[RECORDS]
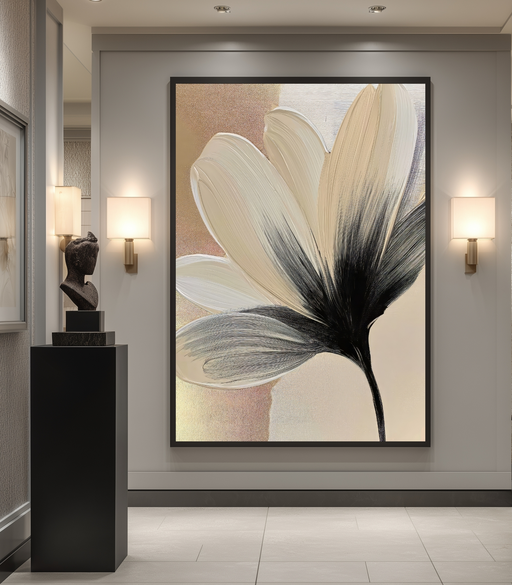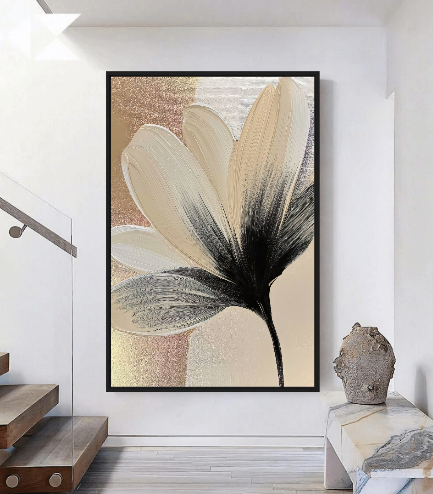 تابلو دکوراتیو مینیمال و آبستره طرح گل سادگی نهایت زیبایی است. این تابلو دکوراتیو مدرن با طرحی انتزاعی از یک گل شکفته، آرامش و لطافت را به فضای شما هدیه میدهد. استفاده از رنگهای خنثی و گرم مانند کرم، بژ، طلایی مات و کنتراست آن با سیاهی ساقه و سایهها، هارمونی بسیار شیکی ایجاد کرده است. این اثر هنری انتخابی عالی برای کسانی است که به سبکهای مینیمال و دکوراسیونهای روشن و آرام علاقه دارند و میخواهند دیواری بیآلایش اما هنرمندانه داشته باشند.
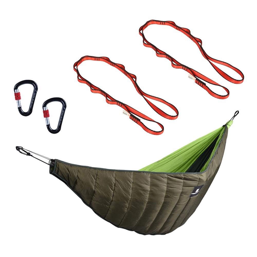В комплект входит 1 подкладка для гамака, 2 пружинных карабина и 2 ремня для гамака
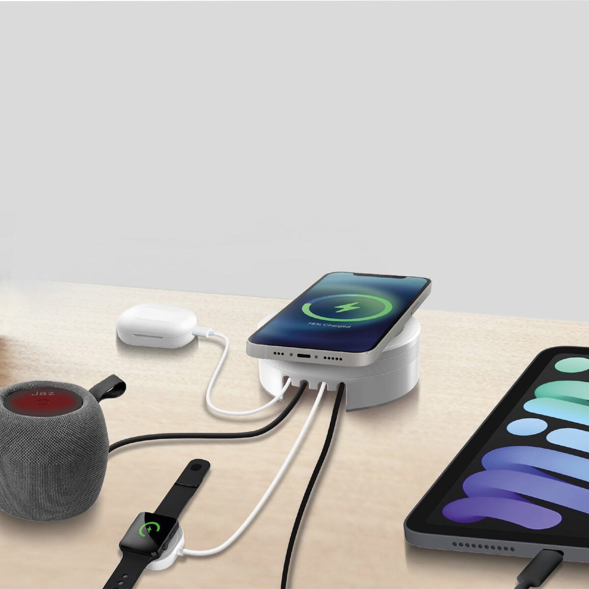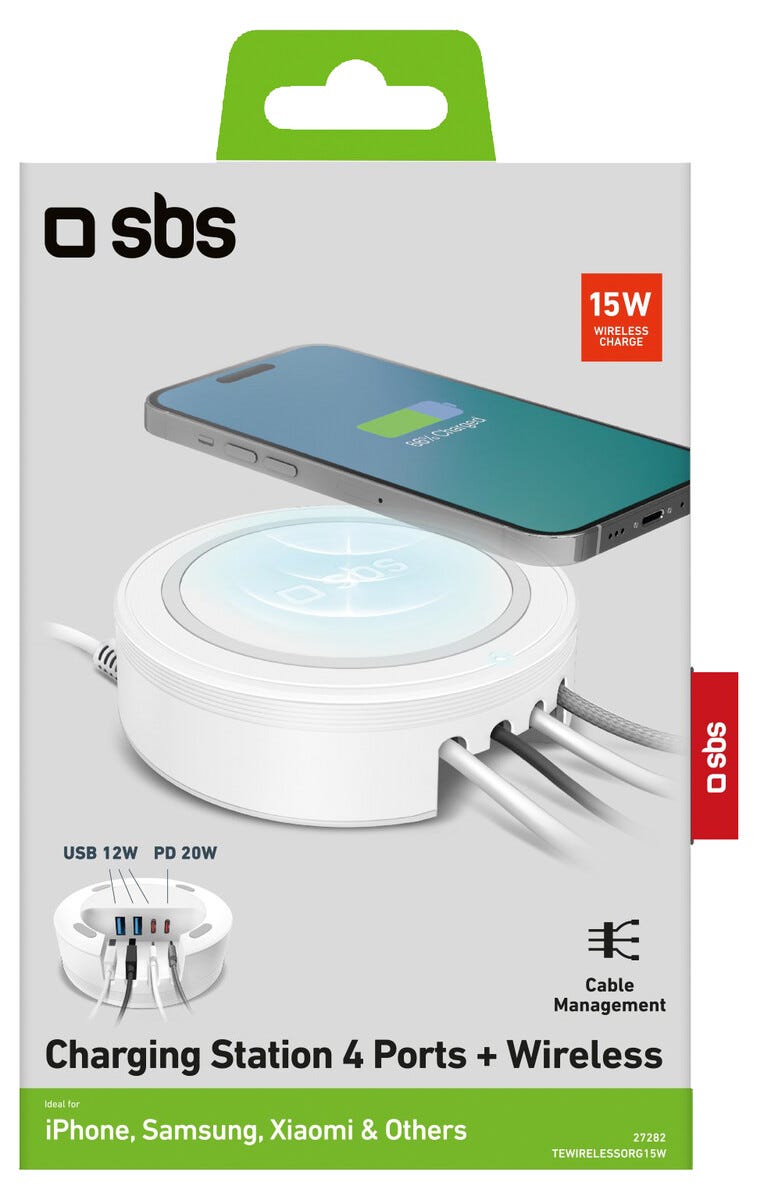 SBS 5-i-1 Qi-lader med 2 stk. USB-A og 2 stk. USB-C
[/RECORDS]
[RECORDS]
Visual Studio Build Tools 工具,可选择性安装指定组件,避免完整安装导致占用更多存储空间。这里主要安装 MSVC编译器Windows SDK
[/RECORDS]
What you write must match the listing exactly, from the line with "В комплект входит" up to and including the line with "SBS 5-i-1 Qi-lader". Pictures stay out.

В комплект входит 1 подкладка для гамака, 2 пружинных карабина и 2 ремня для гамака
 SBS 5-i-1 Qi-lader med 2 stk. USB-A og 2 stk. USB-C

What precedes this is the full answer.